O Ministério Público Superior deixou de emitir parecer de mérito, por não vislumbrar no feito matéria que justifique a sua intervenção (ID 8268524). 


É o relatório.

Passa ao voto.


1. DO CONHECIMENTO DO RECURSO 

Ratifico a Decisão (ID 8042240) e conheço do presente recurso, visto que preenchidos os seus pressupostos subjetivos e objetivos de admissibilidade.


2. DOS FUNDAMENTOS 

2.1. Do Excesso de Formalismo

O magistrado a quo em Despacho de id 7568186 determinou a intimação da parte autora, através de seu procurador, para no prazo de 15 (quinze) dias, emendar a inicial, obedecendo ao disposto nos art. 319 e 320 do NCPC, apresentando os documentos indispensáveis a propositura da ação, qual seja, comprovante de endereço atualizado (últimos três meses) em nome da parte autora ou de parente direto, com comprovação do grau de parentesco, bem como procuração do ano da propositura da ação devidamente assinada. (art. 321, NCPC), sob pena de indeferimento. Logo após, diante da inércia da parte, indeferiu a petição, extinguindo o processo sem resolução do mérito.

Contudo, a sentença (ID 7568193) proferida não deve prevalecer, pois o caput Art. 320, do Código de Processo Civil, dispõe, tão somente, que “a petição inicial será instruída com os documentos indispensáveis à propositura da ação”.

Isso significa dizer que a melhor forma de resolver esta situação é entender que os documentos indispensáveis à propositura da ação são aqueles que possuem relevância processual para o desenvolvimento válido rumo ao provimento final, sempre que possível limitando tal conceito exclusivamente àqueles que a lei exige, ao disciplinar cada modalidade de ação.

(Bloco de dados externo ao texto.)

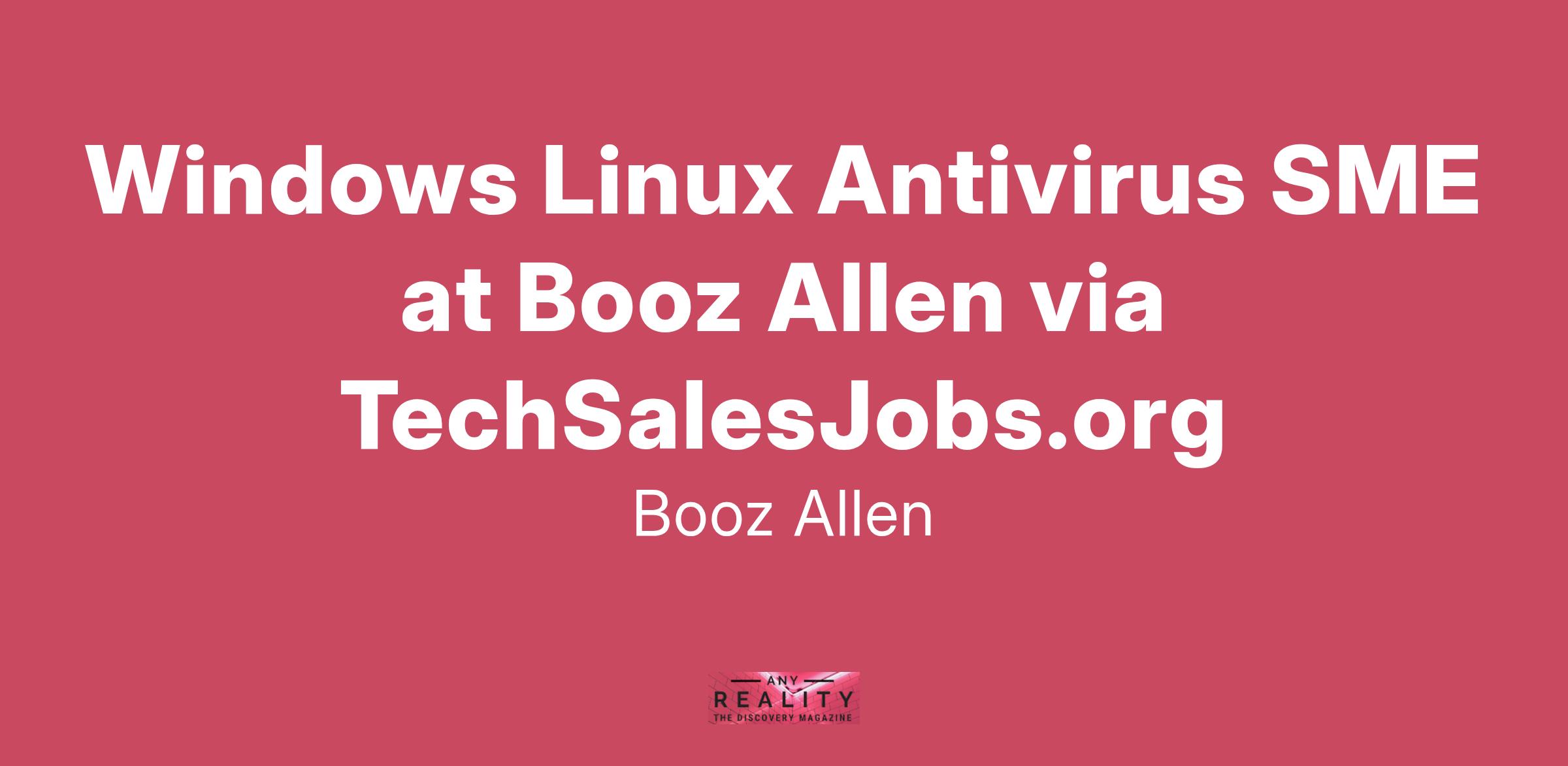 Windows Linux Antivirus SME at Booz Allen via TechSalesJobs.org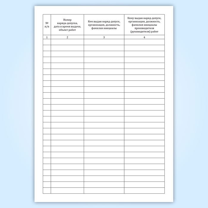 Выдача и сдача наряда-допуска регистрируются в журнале. Журнал хранится в течение 6 месяцев со дня внесения последней записи.

Segundo o magistério de Daniel Amorim Assumpção Neves: Documentos indispensáveis à propositura da demanda são aqueles cuja ausência impede o julgamento de mérito da demanda, não se confundindo com documentos indispensáveis à vitória do autor, ou seja, ao julgamento de procedência do pedido. (ASSUMPÇÃO NEVES, Daniel Amorim. Novo Código de Processo Civil. Bahia: Ed. Jus Podivm, 2016, p. 540).

À guisa do já explanado, a emenda da inicial, neste caso concreto, determinando a juntada de comprovante de endereço e procuração atualizados, não é essencial para fins de recebimento da inicial. É certo que o Magistrado deve observar os requisitos legais para a propositura da ação, no entanto, deve-se evitar o excesso de formalismo, já que poderá impactar negativamente o trâmite do processo.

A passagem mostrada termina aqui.